Meteorites
While the objection may be made that this page does not contain my own photographs of celestial objects (but wait until you get to the end!), I thought I would include a section on the solar system's smallest objects just to complete the story.
What are they?
Most people who take an interest in the night sky have probably seen the sudden, rapidly-moving, streaks of light known as meteors - not to be confused with the much slower-moving Iridium Flares which I have documented on another page! Meteors are small particles of rock (some no bigger than a grain of sand) burning up in the Earth's atmosphere, producing a brief flash of light as they are destroyed. Larger rocks can make it through the atmosphere without being entirely consumed and then land on the Earth's surface: these are known as meteorites. Their size can range from small pebbles to the massive objects which created the Barringer Crater in Arizona or caused the extinction of the dinosaurs in the so-called K-T Event. Fortunately, those at the higher end of the range are exceedingly rare!
Where do they come from?
The material that impacts the atmosphere to cause meteors has two main sources - cometary debris and the solar system more generally. Comets throw off large amounts of dust and ice as they warm up when near to the Sun, and this dust (which is what causes the comet's visible tail) tends to accumulate along the comet's orbital path. If the Earth should intercept this dust trail some of the particles will impact the atmosphere, causing meteors. Because the dust trail is relatively thin, the Earth will pass through it quite quickly and so all the meteor strikes will happen over a short period of time - this is the reason for the regular "meteor showers" such as the Perseids and the Geminids. It is even possible to predict how intense a particular shower will be, as we know the orbits of the dust trails and thus which of them the Earth will pass through on any particular occasion. However, cometary debris tends to be made up of small particles only, and so will not result in meteorites. These are produced by the second source of material - the rest of the solar system.
Why is there meteorite material in the solar system?
The solar system bodies were formed by the gradual accretion of material from a rotating disc of dust, gas and ice attracted to the Sun in the very early stages of its life. This process initially produced rocky bodies immersed in a "soup" of ices and gases, but most of the lighter components were then blown outwards when the Sun suddenly became much brighter as it passed through one of its developmental phases. The net result was a number of small rocky bodies near to the Sun and larger mainly gaseous bodies further out, where the lower temperatures meant they could hold on to the gases removed from the inner solar system.

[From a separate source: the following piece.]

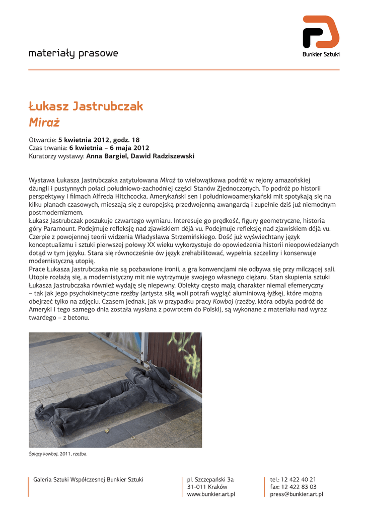 Łukasz Jastrubczak Miraż Otwarcie: 5 kwietnia 2012, godz. 18 Czas trwania: 6 kwietnia – 6 maja 2012 Kuratorzy wystawy: Anna Bargiel, Dawid Radziszewski Wystawa Łukasza Jastrubczaka zatytułowana Miraż to wielowątkowa podróż w rejony amazońskiej dżungli i pustynnych połaci południowo-zachodniej części Stanów Zjednoczonych. To podróż po historii perspektywy i filmach Alfreda Hitchcocka. Amerykański sen i południowoamerykański mit spotykają się na kilku planach czasowych, mieszają się z europejską przedwojenną awangardą i zupełnie dziś już niemodnym postmodernizmem. Łukasz Jastrubczak poszukuje czwartego wymiaru. Interesuje go prędkość, figury geometryczne, historia góry Paramount. Podejmuje refleksję nad zjawiskiem déjà vu. Podejmuje refleksję nad zjawiskiem déjà vu. Czerpie z powojennej teorii widzenia Władysława Strzemińskiego. Dość już wyświechtany język konceptualizmu i sztuki pierwszej połowy XX wieku wykorzystuje do opowiedzenia historii nieopowiedzianych dotąd w tym języku. Stara się równocześnie ów język zrehabilitować, wypełnia szczeliny i konserwuje modernistyczną utopię. Prace Łukasza Jastrubczaka nie są pozbawione ironii, a gra konwencjami nie odbywa się przy milczącej sali. Utopie rozłażą się, a modernistyczny mit nie wytrzymuje swojego własnego ciężaru. Stan skupienia sztuki Łukasza Jastrubczaka również wydaję się niepewny. Obiekty często mają charakter niemal efemeryczny – tak jak jego psychokinetyczne rzeźby (artysta siłą woli potrafi wygiąć aluminiową łyżkę), które można obejrzeć tylko na zdjęciu. Czasem jednak, jak w przypadku pracy Kowboj (rzeźby, która odbyła podróż do Ameryki i tego samego dnia została wysłana z powrotem do Polski), są wykonane z materiału nad wyraz twardego – z betonu. Śpiący kowboj, 2011, rzeźba Upadek, 2012, found footage (3 s, sekwencja z filmu Vertigo Alfreda Hitchcocka) Ruch numer 4, 2011, fotografia Zestawienie prac na wystawie nie posiada wyraźnego klucza (choć klucz jest, ale mniej zobowiązujący), publiczność dowolnie może tworzyć połączenia pomiędzy pracami, a nawet dodawać do interpretacji własne przeżycia i refleksje. Wystawa Miraż podsumowuje wątki, które artysta podjął w trakcie realizacji zeszłorocznej wystawy w Galerii Sabot w Klużu-Napoce, w projekcie Tarnów. 1000 lat nowoczesności oraz podczas pobytu rezydencyjnego w Stanach Zjednoczonych. Łukasz Jastrubczak urodził się w 1984 roku w Zielonej Górze. Tworzy prace wideo, instalacje, rysunki, efemeryczne obiekty i zdarzenia. Posługuje się strategiami artystów sztuki konceptualnej, nadając im melancholijną poetykę. Wraz z Krzysztofem Kaczmarkiem tworzy grupę Krzysztofjastrubczakłukaszkaczmarek. Swoje wystawy indywidualne prezentował między innymi w Art in General w Nowym Jorku, Centrum Sztuki Współczesnej Kronika w Bytomiu, BWA w Zielonej Górze czy Galerii Sabot w Klużu-Napoce. Współpracuje z Galerią Pies z Poznania. http://bunkier.art.pl/?wystawy=gert-weigelt-absolutnie-pina Klatki, 2011, projekcja slajdów Złota perspektywa, 2011, relief Wydarzenia towarzyszące wystawie: 14.04.2012 (sobota), godz. 16 Oprowadzanie otwarte Po wystawie Miraż oprowadzi Małgorzata Jędrzejczyk. 17.04.2012 (wtorek), godz. 18 Miraże i klisze filmowe W Zawrocie głowy zagadkowa Kim Novak jako Madeleine/ Judy wiedzie zarówno widzów, jak i samą fabułę filmu na manowce, znacząc fałszywy trop niezbadanej tajemnicy kobiecej seksualności i tożsamości. Filmowe opowiadanie podąża śladami Madeleine, prowadząc nas do muzeum, a następnie, w poszukiwaniu odpowiedzi, do zatopionego w książkach historyka sztuki. (…) Jest to znów fałszywy trop, oszustwo. Patricia Mellencamp W Klatkach Łukasz Jastrubczak wprowadza widzów w Zawrót głowy Alfreda Hitchcocka. Podążając tropem wykonanych przez artystę zdjęć „naśladujących” kadry z tej części filmu, w której główny bohater – Scottie – śledzi Madeleine/Judy, widzowie doprowadzeni zostają do galerii sztuki. Wygłaszany przez Ewę Opałkę wykład będzie próbą kolejnej rekonstrukcji palimpsestycznego układu zależności pomiędzy praktyką artystyczną, w której historia i teoria filmu stają się narzędziem badań immanentnych dla sztuk wizualnych problemów percepcji i ontologii reprezentacji a badaniem specyfiki konkretnych obrazów filmowych, ich penetracji przez obecność i gest artysty. 21.04.2012 (sobota), Dzień Otwarty godz. 11 // S.Z.T.U.K.A. czyli Szalenie Zajmujące Twory Utalentowanych i Krnąbrnych Artystów Warsztaty z Sebastianem Cichockim. Mali Klubowicze będą mieli okazję poznać jednego z najbardziej cenionych kuratorów sztuki współczesnej w Polsce. Pretekstem do spotkania będzie najnowsza książka Cichockiego o sztuce współczesnej, która została napisana specjalnie dla najmłodszych odbiorców. Warsztaty zorganizowane w nawiązaniu do trwającej w Bunkrze Sztuki wystawy Łukasza Jastrubczaka, zatytułowanej Miraż. W ramach Małego Klubu Bunkra Sztuki godz. 15 // Cliché. Oprowadzanie kuratorskie Po wystawie oprowadzą: artysta, kuratorzy i Ewa Opałka Oprowadzanie będzie powtórzeniem scenariusza zwodzenia i śledzenia centralnego dla fabuły Zawrotu głowy. W wystawę wprowadzi widzów postać Madeleine/Judy, tworząc rodzaj performatywnego, „fałszywego” przewodnika po wystawie, posługując się kliszami filmowymi i psychoanalizą. godz. 17 // Potyczka Sebastian Cichocki i Łukasz Jastrubczak zaprezentują książkę Miraż, nad którą obecnie pracują. W ramach projektu Miraż powstaje publikacja pod tym samym tytułem. Książka artystyczna jest konceptualną powieścią podróżniczą po USA, składającą się z obrazów i tekstów powstałych w wyniku swoistego pojedynku na słowo (Sebastian Cichocki) i obraz (Łukasz Jastrubczak). Kiedy artysta odbywał rzeczywistą podróż w przestrzeni, autor tekstu odbywał równolegle wyimag

Not all the material present in the initial rotating disc finally gathered into larger bodies though, either because of the disruptive effect of gravitational interaction with nearby bodies (particularly the giant planet Jupiter) or because proto-planets which formed close to each other collided and destroyed each other again - this is how the Moon is thought to have been formed, for example. The result of all these processes was that a fair amount of debris ended up orbiting between the major planets. Much of this was then swept up by the planets or deflected into stable orbits, giving the situation we have today - a set of planets orbiting in basically "empty space" plus well-defined bands of very small rocky bodies, of which the best known is the asteroid belt, together with a large amount of dust and very small grains distributed throughout the system. This dust can in fact still be seen - the effect known as the Zodiacal Light (a faint band of light stretching up from the horizon after dusk or before dawn) is caused by sunlight scattering off these particles.

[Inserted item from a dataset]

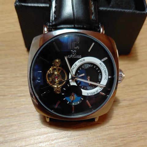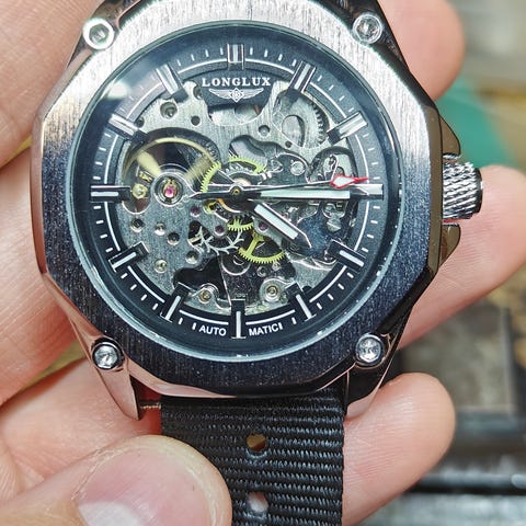 Todella hyvässä kunnossa oleva automaattikello. Mukana tulee lisälaattoja, joilla rannekkeesta saa oman kokoisen.

Although the orbits of the asteroids and other similar small bodies are basically stable, many of them have high eccentricities (i.e. they are far from circular) and so asteroidal bodies can come quite close to the major planets on occasion. Gravitational effects can then cause their orbits to change considerably, which can set very small bodies (called "meteoroids") on a collision course with the planets. This is the process that produces almost all the meteorites that land on the Earth, as cometary debris is not usually large enough to reach the surface. The so-called "sporadic" meteors, i.e. those not associated with any particular meteor shower, come mainly from the dust and debris but may also be sent Earth-wards by gravitational influences.
Are there any other sources of meteorites?

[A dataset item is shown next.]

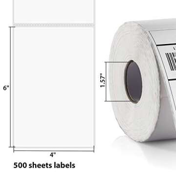 OFFNOVA Thermal Direct Labels, Pack of 500 Roll 4"x6" Shipping Labels with Perforation, Compatible with Rollo and Zebra, Permanent Adhesive, Commercial Grade

The final way meteorites can be produced is similar to the above, but with material coming from a very different source. I said earlier that much of the inter-planetary debris was swept up by the planets at an intermediate stage of the formation of the solar system. In this case, "sweep up" of course means "crash into and absorb". Because the planets are so much larger than the "bits left over" this process does not disturb them greatly, but fragments of collision debris can be thrown off the planet and themselves start to wander the solar system. If these fragments then approach the Earth they can become meteorites. Such meteorites can only come from small rocky bodies, as larger bodies would have too great a gravitational field to allow them to escape and gaseous bodies would not create collision debris in the same way. This really reduces the field to Mercury, Venus, the Moon and Mars (together with mutual collisions between the asteroids, of course) but because Venus is thought to have acquired its dense atmosphere quite early on and also has a considerable gravitational field (only a little less than the Earth) it would be very difficult for collision debris to leave its surface with sufficient speed to escape its influence. The same considerations also apply to the Earth of course, and this means that any fragments blasted off its surface by asteroid bombardments are quite likely to arrive back on the Earth before too long.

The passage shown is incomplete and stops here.